Hi everyone, I know this topic has been done to death but DH and I could use some advice.
Our eldest son is nearly 20. He did very well academically and socially at primary school / the first couple of years of secondary. He’s bright but definitely doesn’t like to break a sweat and as soon as school got harder he basically stopped trying. He passed all his GCSEs with reasonable grades after doing absolutely no work but then dropped out of A Levels after a year, as again, he wasn’t willing to put in any effort. He took himself off to college to do a diploma - again, same thing - his tutors said he’s academically very able, could easily get a distinction but has made zero effort. He’s just about scraped a pass.
At home he’s also pretty lazy: does the bare minimum in terms of jobs around the house, has to be nagged at constantly which we hate doing. He doesn’t really have any hobbies except for going to the gym a few times a week. He likes spending time with his brothers and is a bit of a home bird. DH and I both work in demanding roles and we have 2 other children, one of whom has significant SEND.
This all sounds very negative! He’s a really lovely boy as well: he’s kind, has great communication skills and is fantastic with his SEND brother. He’s one of the few people that I’m happy to leave him with.
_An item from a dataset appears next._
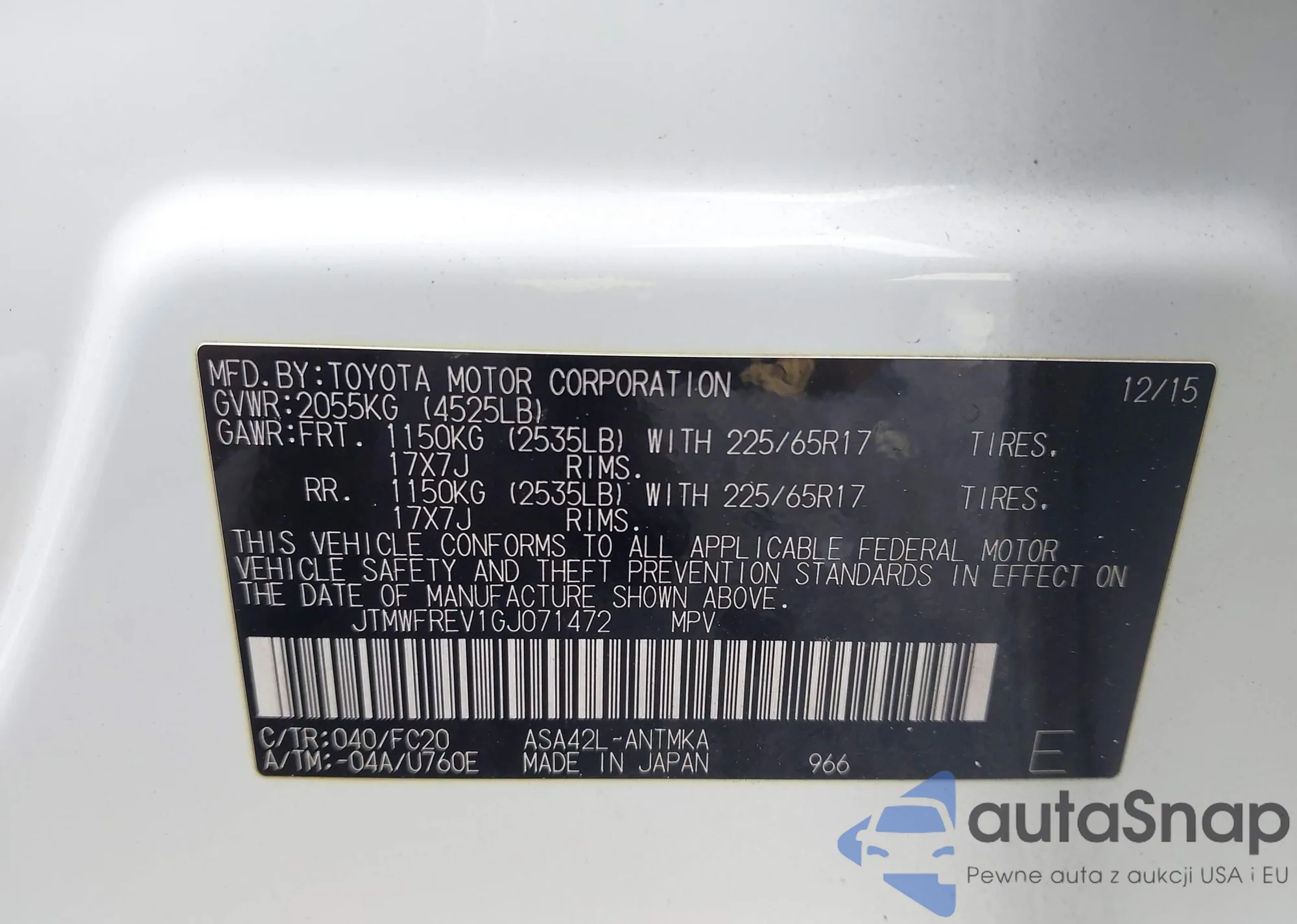 LOT: 43376528 VIN: JTMWFREV1GJ071472

He also has a PT job and a pretty responsible one at that. He does well in this as it involves f2f contact with vulnerable people. The money is pretty good but it burns a hole in his pocket and apart from what we insist he saves in an account he can’t access (he blazed through every penny of his government trust fund thing before we could stop him so we’ve learned our lesson.
He’s our eldest so this “parenting” a new adult is very new to us. We want to support him and teach him how to adult but he can be quite resistant to this. He doesn’t want to go to uni but also doesn’t know what he wants to do long term. He’s not open to career planning / support either from us or the college which has offered loads of options.
The plan currently, is that he’ll take a year out, work pretty much FT in his current job and figure himself out. He will be paying nominal rent to us and we have said he must save. He’s passed his driving test and is agreeable to the saving as he wants to buy a car.
We’re in London so I’d much rather he stayed at home and saved as renting, even in a house share is ££££££. But I’m still anxious of “failure to launch” / him just not putting any effort in when things get a bit harder.
Any words of wisdom? Am I just being a bit dramatic? He is only 19 plus I do think that covid is possibly playing a part in all this as he was the first cohort who did GCSEs as normal / usual grade boundaries despite all the disruption to education.
Sorry this is a bit long but I have used paragraphs! Thanks for reading.